Did you know that yoga can actually make your other workouts and physical activities easier by increasing your endurance? Yoga is great for stamina, helping you to strengthen muscles through poses, increase lung capacity through breathing techniques, and improve mobility overall. In addition, yoga improves balance which is very helpful for other exercises and everyday life in general. This means that you will be able to gain a new practice through yoga while improving your other physical routines as well.

Increased Flexibility

Due to having more muscle mass and tighter connective tissues, male bodies are naturally less flexible than female bodies. This means that increasing flexibility is especially important for men. In addition, men often focus more on muscle building exercises. As the muscles continue to grow, if you are not stretching, you can easily lose even more flexibility. (Gołaś, et al.)

Weight Loss and Muscle Building

There are many yoga practices, such as power yoga, that can both help you to lose weight and build muscle! Yoga classes with more movement help to burn fast and water weight while increasing muscle mass. In addition, many poses help with joint stability as well, making it easier to keep working on the muscles. When practicing poses, you are actually working with your own weight instead of using weights in a gym. This can be very effective for strength building and weight loss.

Types of Yoga for Men

Is there a certain type of yoga that males should be doing?

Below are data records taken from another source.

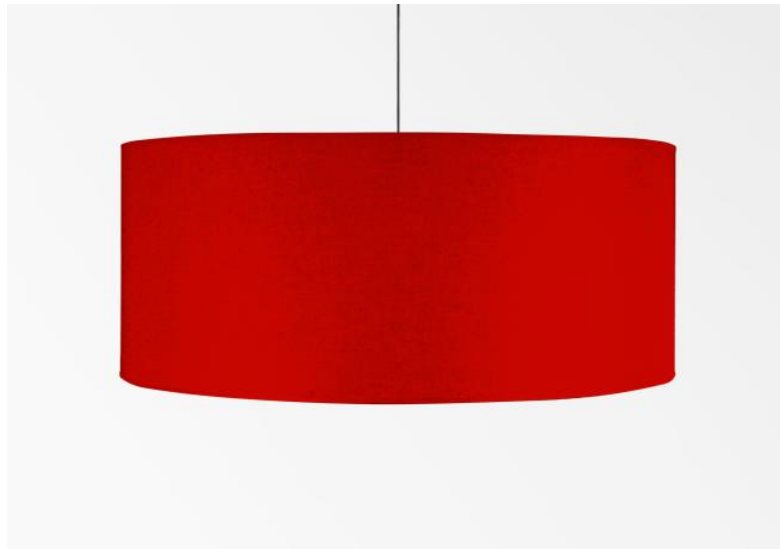
Lampenkap KENTIKA 80 in Coton rouge (stof uit categorie 1)
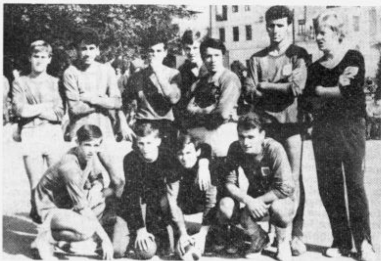
Rokometiški Topola, ki se uspešno bore za točke v svoji podzvezni ligi.

Cesta na Snežnik se, kakor pravijo smučarji in drugi, podira. Zdaj bi morda njeno popravilo veljalo malo, čez leta pa bo veliko.
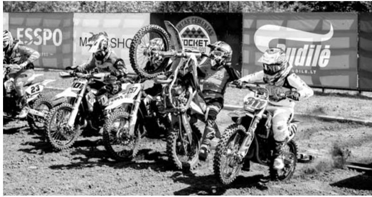
Vieno iš Lietuvos motokroso čempionato etapų varžybos Mickūnuose tradiciškai pritraukia žiūrovų minias.

Bilietų kainos išlieka tokios pat, kaip buvo ir pernai - šeštadienio bilietas kainuos 10 eurų, sekmadienio -15. Dviejų dienų bilieto kaina - 20 eurų. Vaikai iki 12 metų į renginį bus įleidžiami nemokamai, neįgaliesiems taikoma 50 proc.

The truth is that there is no one specific yoga practice that is best based on just gender. The choice of practice truly depends on each individual person and their personal needs. Yoga has many different benefits, and learning about the different practices allows a person to pick which one makes the most sense for them to be doing.

Let’s take a look at some common types of yoga and how they can help you. Keep in mind that we are only looking into a few types of practices, and there are always more out there. If you don’t see one that resonates with you, feel free to do your research. You can also always try out some classes and see which one makes the most sense and which one you enjoy the most.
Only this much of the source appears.